It’s unfortunate that Network Ten has now become a bit of a joke, after many years of not only coming behind Seven and Nine, but also falling behind the non-commercial ABC. I don’t know how they got to this point, but nothing is working for them. Year after year, they announce a fresh new line up in November, all ready for the new year, only to have thrown in the towel by Easter, which is seen as the closing point on the first quarter of the year. Thinking about it now, Network Ten are similar to the Melbourne F.C, in the way all hope is lost by round five.

More times than not, Channel Ten put out some quality programs. Emphases on the some. What it comes down to is a damaged brand. When people started thinking of Ten, they see them as the kind of people that are putting out The Shire, Being Lara Bingle, I Will Survive, Everybody Dance Now and the deadfall revival of Young Talent Time. We could switch, the nation’s most watched show, My Kitchen Rules over to Ten and it would do poorly there, because at the moment nobody is wanting anything to do with Ten. What I suggest is a full on face lift. Ten need to bring in the bulldozers in and completely start again. Looking at the ratings from the past four days, there is no other way to get out of the hole they have dug.

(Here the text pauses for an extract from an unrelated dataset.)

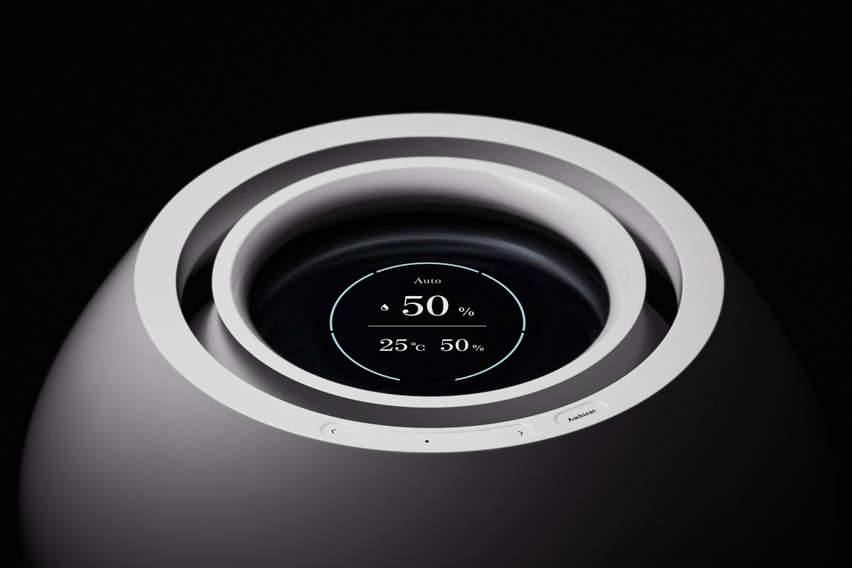 花器や壺に着想を得て、空間に自然になじむようデザインされた気化式加湿器で、2013年の発売時に、その独特なフォルムと直接水を注ぐなど直感的な操作法で話題となりました。登場から12年の時を経て11月上旬に発売となる新モデルは、高精細ディスプレイを採用。より美しく、使いやすくアップデートしています。

Starting with Sunday, where Ten had one of their worst days on record with its primary share of 6.2%, but with a bleak line up, what did they expect. Even Eyewitness News is their saving grace, but that couldn’t pull any higher than 500,000, which even for Ten’s standards is very bad. Taking on reality heavyweights (MRK and The Block) was Kung Fu Panda 2, as in recent weeks a movie has replaced the struggling SYTYCD. But this new move didn’t work out, as the kids flick faired even worse that SYTYCD. Elementary also failed but it had little chance when its competitors were Fat Tony & Co and Downton Abbey. Have You Being Paying Attention was a low point for the nights line up with the shows numbers coming in under 200,000. How that show is still on the air confuses me greatly.

The next night didn’t go any better with The Bold and the Beautiful doing better than Aussie drama Secrets and Lies. And even Vikings on SBS was close to beating Ten in a prime time slot. Tuesday and Wednesday was the same. With The Project, Eyewitness News, and Puberty Blues showing the only glimmer of hope.

The Biggest Loser has had its day, and if anyone down at Network Ten has a brain, it will never be seen again. I fear Masterchef will see the same fate as its network reality counterpart in the national ratings. Shows like The Good Wife, Bondi Vet, and NCIS have little appeal to the masses. I know it’s no good for me to say clear out basically their entire programing schedule with nothing to replace it, but they really do need to start afresh.